GIVEN DATA:
[Start of Attachment]
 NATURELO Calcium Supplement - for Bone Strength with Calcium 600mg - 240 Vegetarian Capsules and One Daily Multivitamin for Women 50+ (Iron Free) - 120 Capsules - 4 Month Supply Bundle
[End of Attachment]
[Start of Attachment]
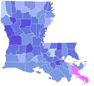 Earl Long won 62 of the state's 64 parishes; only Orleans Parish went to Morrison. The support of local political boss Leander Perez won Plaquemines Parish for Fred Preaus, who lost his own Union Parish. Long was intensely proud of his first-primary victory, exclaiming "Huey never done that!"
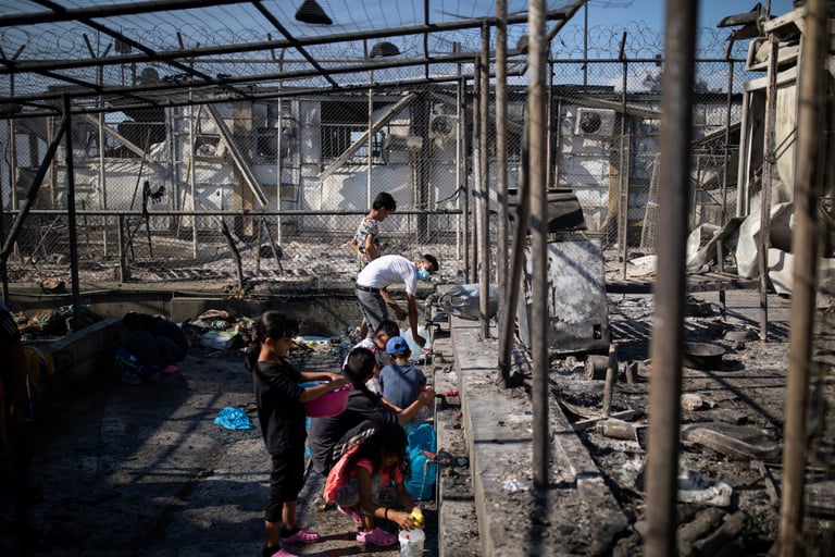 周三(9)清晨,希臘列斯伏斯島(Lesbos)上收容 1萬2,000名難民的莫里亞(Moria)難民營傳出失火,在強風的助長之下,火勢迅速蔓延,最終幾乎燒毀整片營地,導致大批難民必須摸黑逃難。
[End of Attachment]
WORK INSTRUCTION: Nothing outside the stretch above, from the line with "Earl Long won" through the line with "周三(9)清晨,希臘列斯伏斯", is set down. Transcribe that stretch exactly, ends included, but not its pictures.

TASK RESULT:
 Earl Long won 62 of the state's 64 parishes; only Orleans Parish went to Morrison. The support of local political boss Leander Perez won Plaquemines Parish for Fred Preaus, who lost his own Union Parish. Long was intensely proud of his first-primary victory, exclaiming "Huey never done that!"
 周三(9)清晨,希臘列斯伏斯島(Lesbos)上收容 1萬2,000名難民的莫里亞(Moria)難民營傳出失火,在強風的助長之下,火勢迅速蔓延,最終幾乎燒毀整片營地,導致大批難民必須摸黑逃難。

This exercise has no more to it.